A five-drawer dresser made from rippled olive English ash, with ash and oak interiors. This piece was awarded the Christopher Claxton Stevens Prize by the Furniture Makers’ Company. 

Over the years, we have created a number of pieces we nominally put into the category of “Loud Bark”, loosely defined as follows: “On occasion we just cannot stop ourselves from speculatively making pieces of cabinet-making virtuosity, where we stretch our skills, run with the idea, respond to the impossible and squeeze the budget till the pips squeak. Examples of these rare animals looking for their owners can occasionally be glimpsed in the showroom and on our website”.

The pyramidalised dresser is such a beast.

I started texturing surfaces twenty years ago, mainly in response to a need to imbibe the surface of the wood with an additional preciousness, to add value and to draw attention to it in a different light. I wanted to share my sense of wonder and affection for timber and to show the beauty in its solidity by etching/carving/moulding into its surface.

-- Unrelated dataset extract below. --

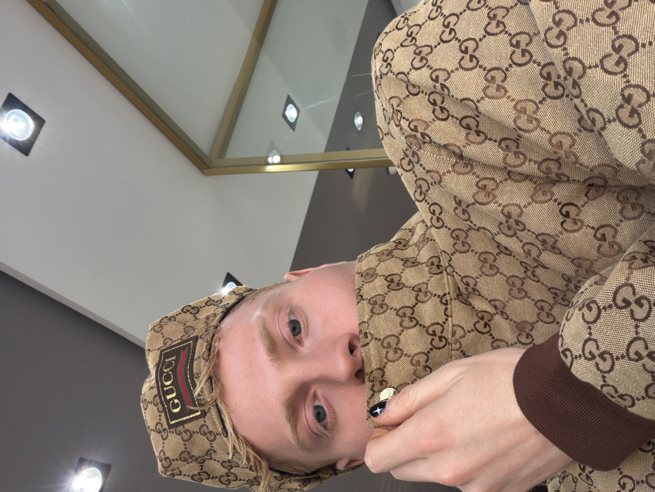 A light-skinned individual, likely male, with fair hair and visible blue eyes, is depicted in a close-up indoor photograph. The subject wears a matching beige-and-brown monogrammed Gucci ensemble, consisting of a high-collared jacket and a brimless cap with a prominent "GUCCI" logo patch. The left hand, adorned with dark nail polish featuring a white star design on the index finger, pulls the jacket's collar up, partially obscuring the lower face. The background consists of a white ceiling with multiple square recessed downlights and a reflective surface, possibly a mirror or glass display, framed by a brass-colored border on the right. The setting is consistent with a luxury retail environment, specifically a Gucci store. No specific address or landmark within Istanbul, Turkey, is discernible from the image, only that it is a Gucci retail location in the city.

The pyramidalisation of the curved surfaces of this chest of drawers needed to compete with the sensuality of the compound curves of its stack laminated front. The results have a touch of serendipity to them. The top surface is bow-fronted and the lateral valleys of the pyramids follow the arc of that front. They do so on a constant arc, one after the other until the back of the cabinet is reached.  Those valleys are then crossed perpendicularly from back to front, which creates the serried ranks of tiny pyramids. The bases of the pyramids are square at the centre of the cabinet but become progressively “parallelogrammed” the further to the edge one goes, creating a peculiar but deliciously subtle phenomenon. If the pyramidalised top surface of the cabinet is viewed from a distance to its left or right, a series of different curves down the valleys between the pyramids appear sometimes as many as four different curves. What has been discovered is the same phenomenon as viewed in the cluster of seeds in a sunflower, with its highly complex mathematical explanation, in this case stumbled across in the trial-and-error pursuit of showing off timber to its best advantage.